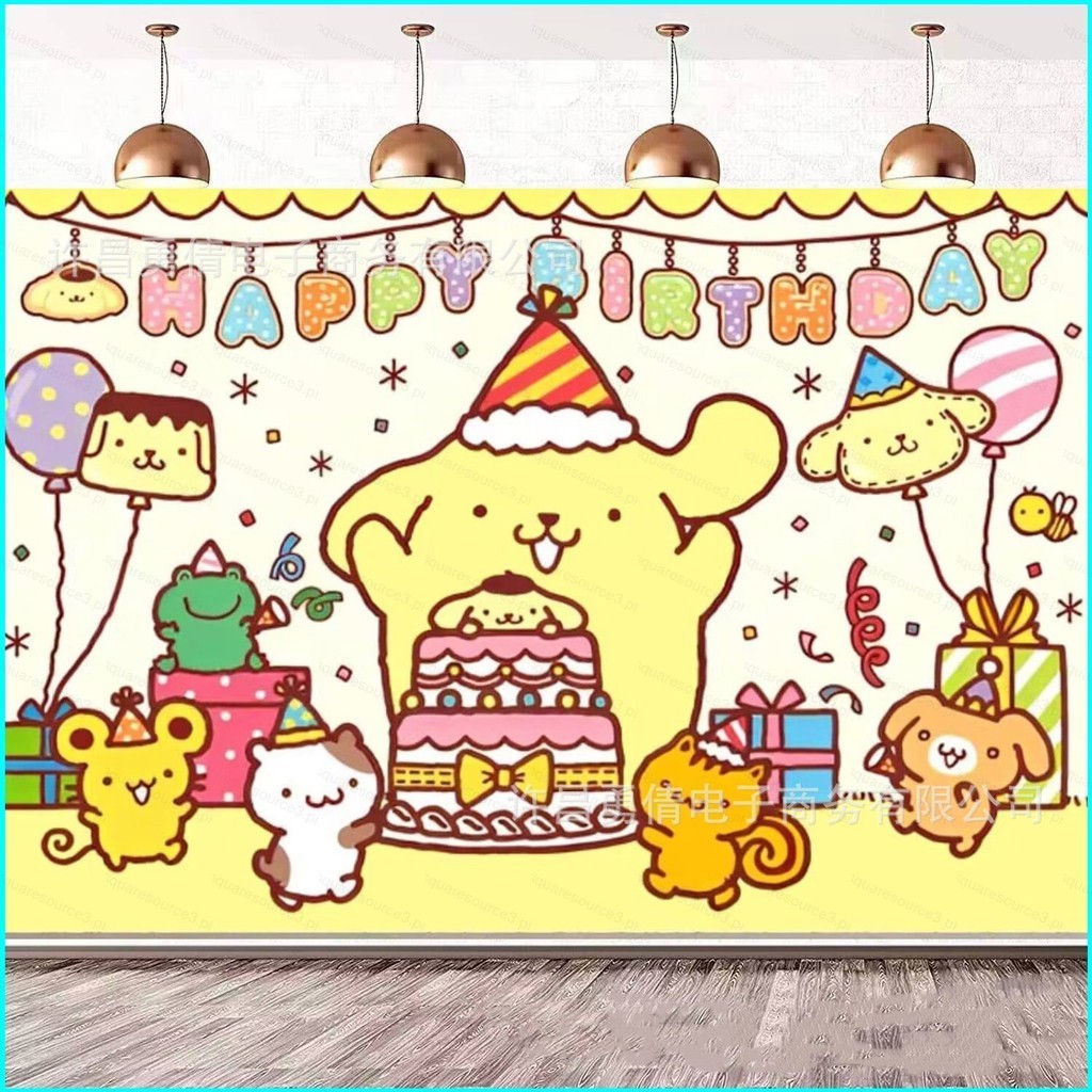 SQ3 Pompompurin Birthday backdrop banner tapestry party decoration photo photography background cloth
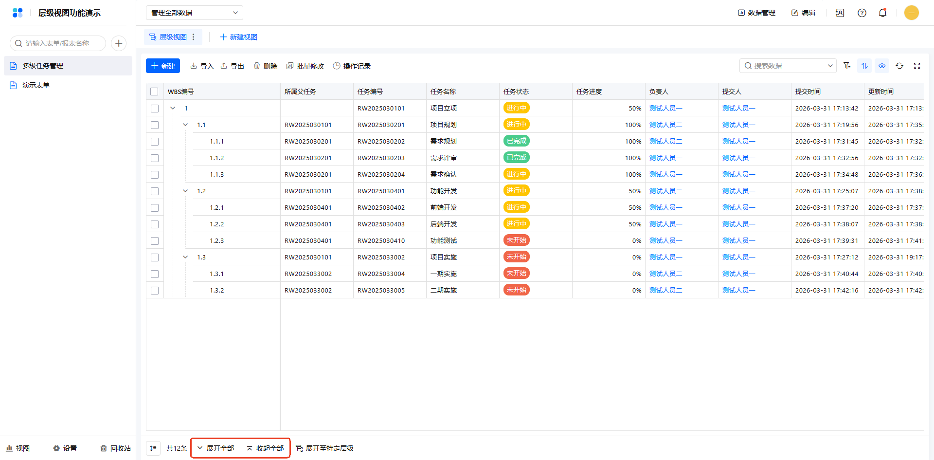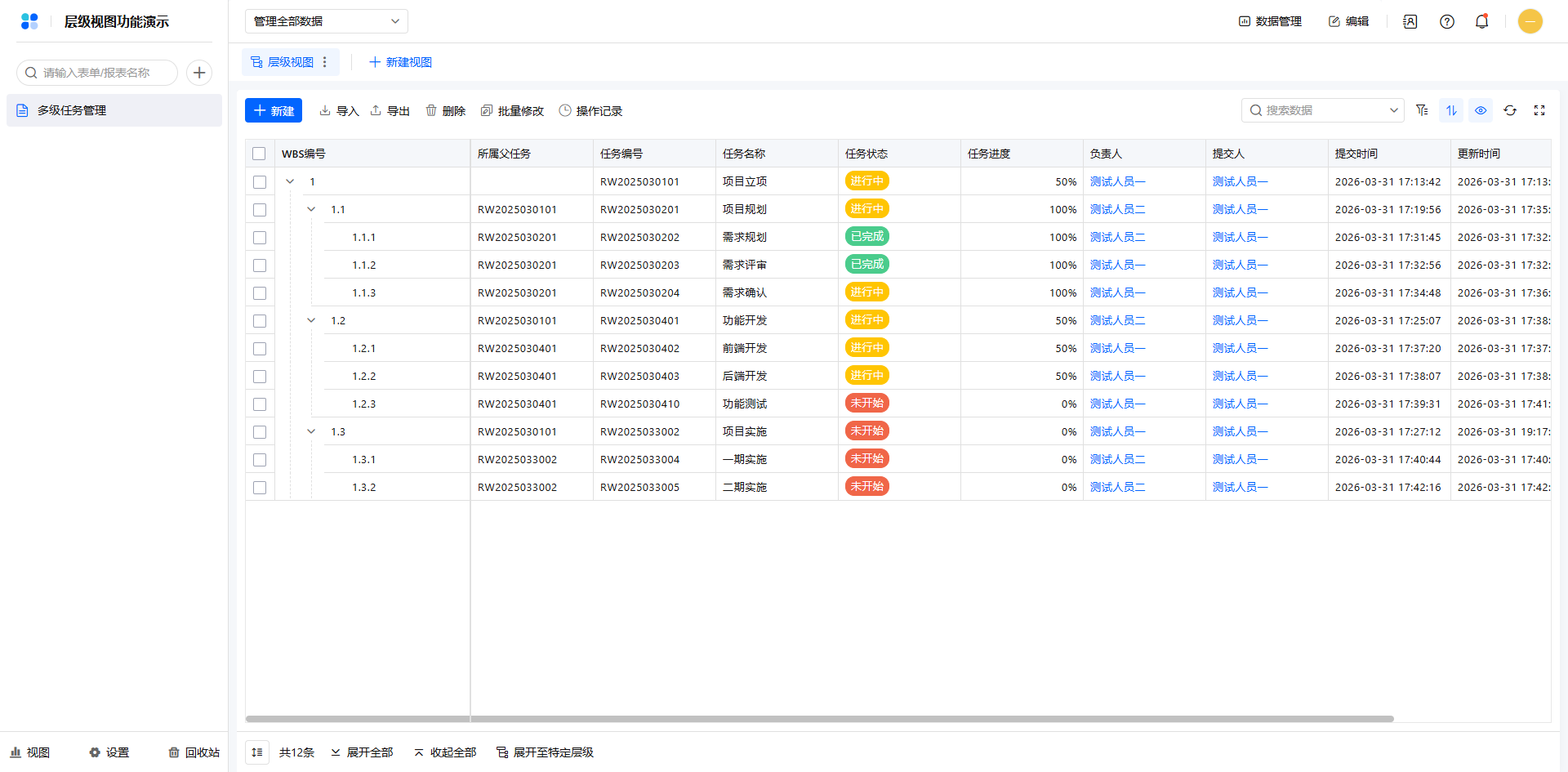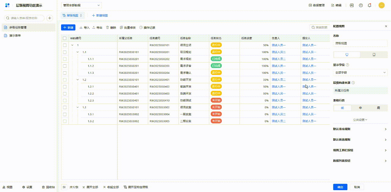 层级视图是指通过通过层级结构来展示具有父子关系的数据。在层级视图中,数据通常被分为多个层级或者分支,企业可以根据自身需求按照层级展开/折叠来查看数据的不同层级。在复杂业务场景下,帮助用户厘清数据间的关系和结构。
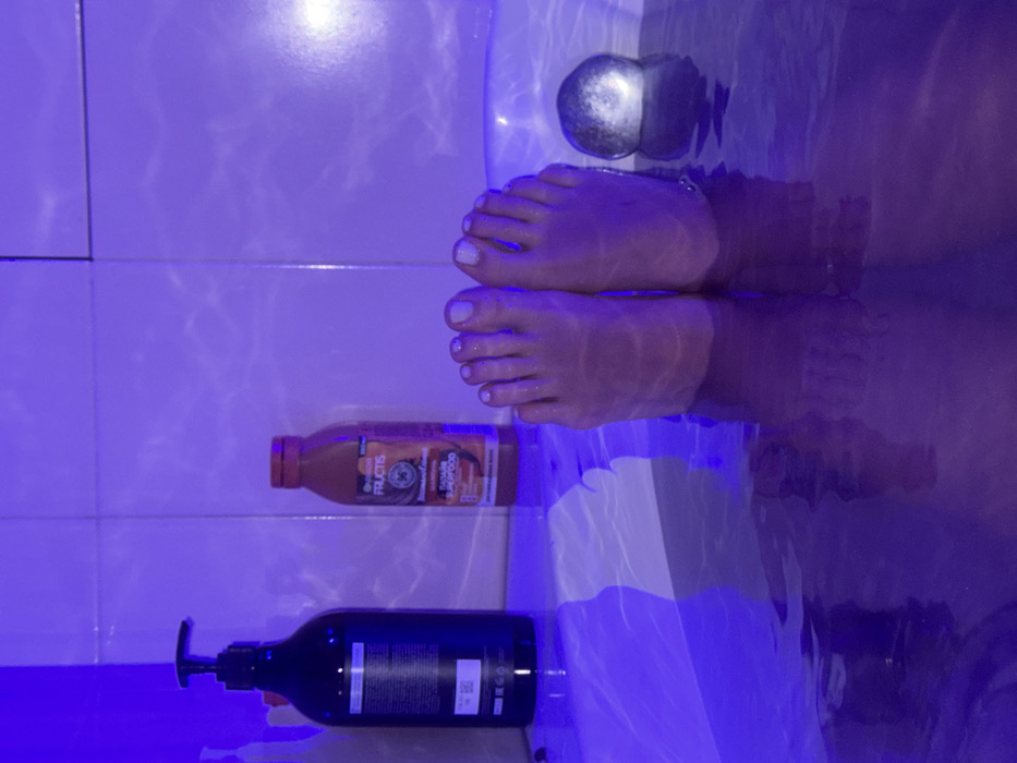 The scene depicts a bathroom interior in Khimki, Russia, observed from a low angle. The primary focus is a pair of human feet, presumably belonging to one individual, partially submerged in water within a white bathtub. The toenails are painted a light, opaque color. On the rim of the bathtub, two bottles are visible to the left of the feet. The leftmost bottle is dark, opaque, and features a black pump dispenser. Its rear label displays white text, including a barcode and what appears to be Cyrillic and English characters. To its right stands an orange, translucent bottle with a screw-top cap. Its label clearly identifies it as "GARNIER FRUCTIS" and "SUPERFOOD," with "ПАПАЙЯ" (Papaya) also visible in Cyrillic. To the right of the feet, resting on the tub's edge, is a metallic, spherical or ovoid object with a reflective surface. The water in the tub exhibits ripples and reflections, and the background consists of white rectangular wall tiles with visible grout lines. The entire scene is illuminated by a strong, uniform purple and blue ambient light, creating reflections and coloring the water and surrounding surfaces.
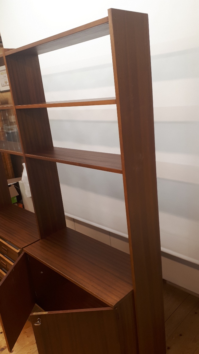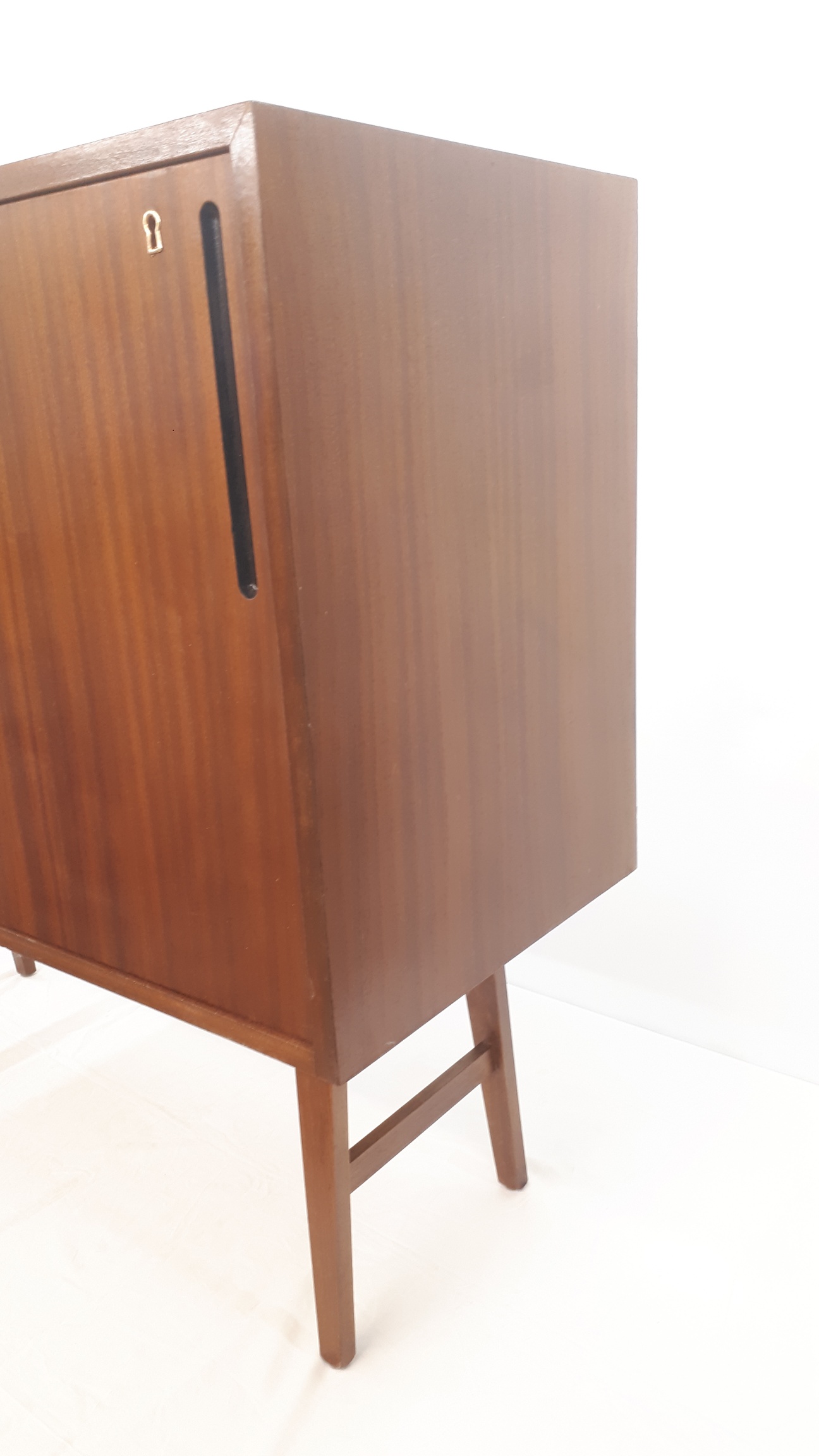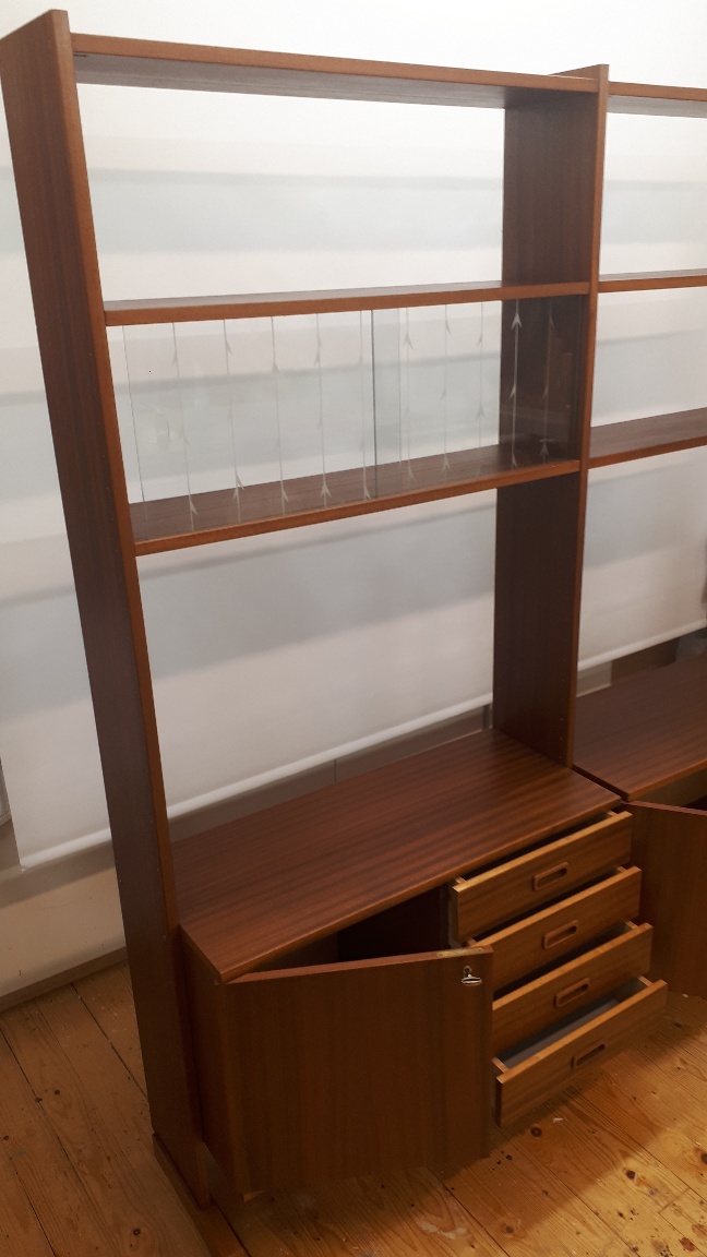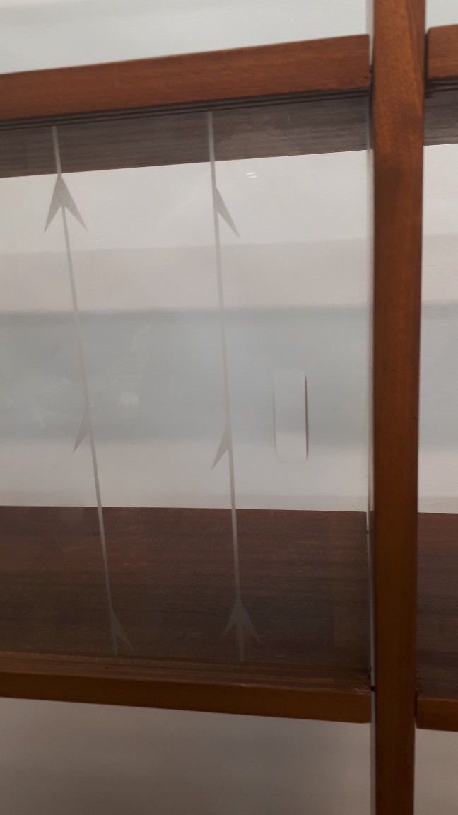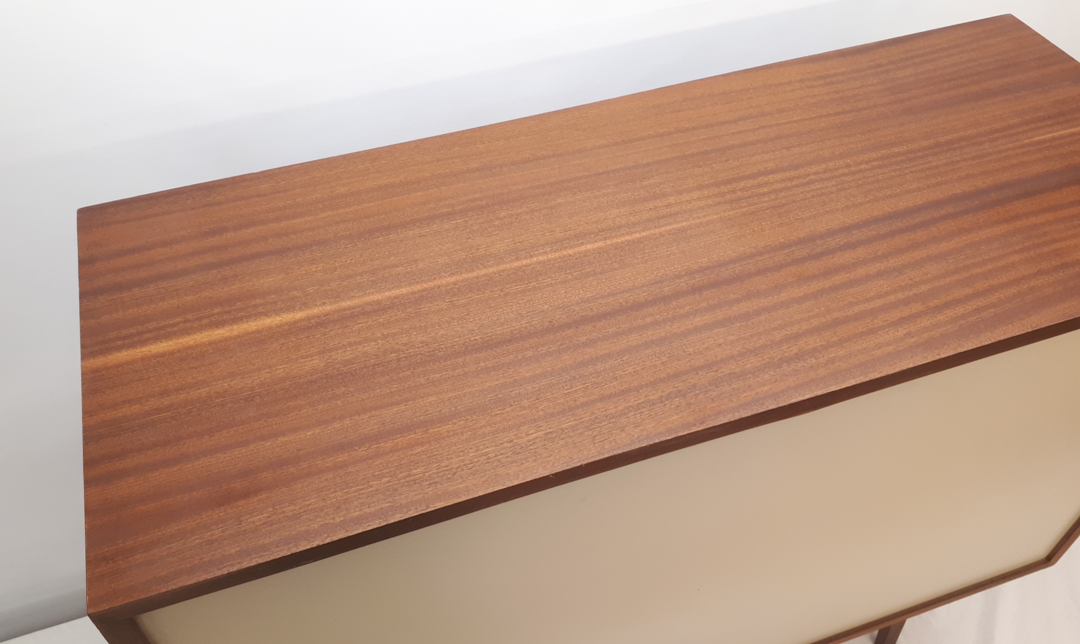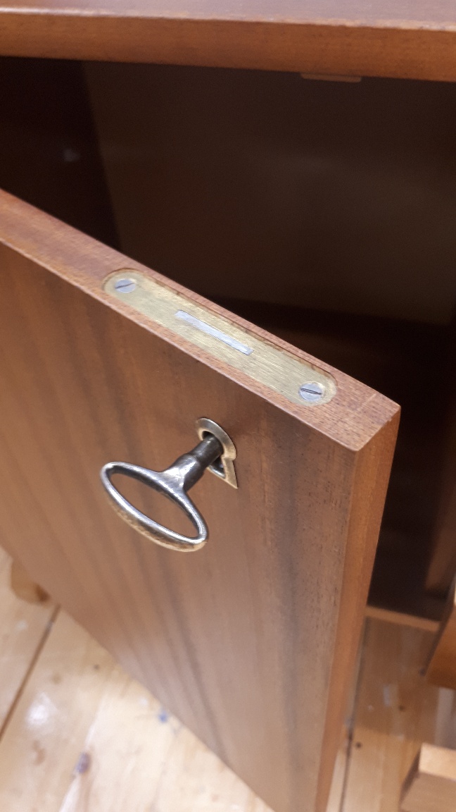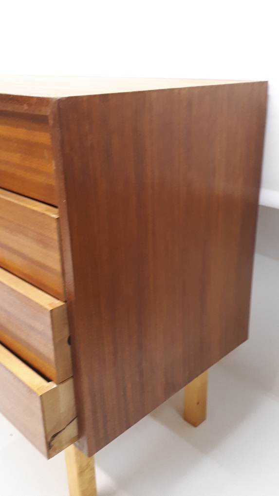 Kunnostettu liukuovellinen teak-senkki 60-luvun lopulta. Vasemmassa kaapissa on yhdeksän vetolaatikkoa ja oikeassa yksi hylly. Kaikki ulkopinnat on kunnostettu. Sisäpuolen näkyvät viilupinnat on öljytty. Kansi ja sivut ovat siistit ja ehjät. Vasemman liukuoven yläreunassa kahvan vieressä on korjattu kuluma (1x2cm) ja oikeassa ovessa on keskellä lähes huomaamaton tummentuma. Molemmista ovenkahvoista puuttuu alakulmista pieni pala (1x1mm). Mustat, kunnostetut metallijalat. Lukko toimii ja lukkoon on avain.
☆ ☆ ☆
EXERCISE PROMPT>
Keep the pictures out and transcribe the listing exactly.

REPLY>
 SQ3 Pompompurin Birthday backdrop banner tapestry party decoration photo photography background cloth
 层级视图是指通过通过层级结构来展示具有父子关系的数据。在层级视图中,数据通常被分为多个层级或者分支,企业可以根据自身需求按照层级展开/折叠来查看数据的不同层级。在复杂业务场景下,帮助用户厘清数据间的关系和结构。
 The scene depicts a bathroom interior in Khimki, Russia, observed from a low angle. The primary focus is a pair of human feet, presumably belonging to one individual, partially submerged in water within a white bathtub. The toenails are painted a light, opaque color. On the rim of the bathtub, two bottles are visible to the left of the feet. The leftmost bottle is dark, opaque, and features a black pump dispenser. Its rear label displays white text, including a barcode and what appears to be Cyrillic and English characters. To its right stands an orange, translucent bottle with a screw-top cap. Its label clearly identifies it as "GARNIER FRUCTIS" and "SUPERFOOD," with "ПАПАЙЯ" (Papaya) also visible in Cyrillic. To the right of the feet, resting on the tub's edge, is a metallic, spherical or ovoid object with a reflective surface. The water in the tub exhibits ripples and reflections, and the background consists of white rectangular wall tiles with visible grout lines. The entire scene is illuminated by a strong, uniform purple and blue ambient light, creating reflections and coloring the water and surrounding surfaces.
 Kunnostettu liukuovellinen teak-senkki 60-luvun lopulta. Vasemmassa kaapissa on yhdeksän vetolaatikkoa ja oikeassa yksi hylly. Kaikki ulkopinnat on kunnostettu. Sisäpuolen näkyvät viilupinnat on öljytty. Kansi ja sivut ovat siistit ja ehjät. Vasemman liukuoven yläreunassa kahvan vieressä on korjattu kuluma (1x2cm) ja oikeassa ovessa on keskellä lähes huomaamaton tummentuma. Molemmista ovenkahvoista puuttuu alakulmista pieni pala (1x1mm). Mustat, kunnostetut metallijalat. Lukko toimii ja lukkoon on avain.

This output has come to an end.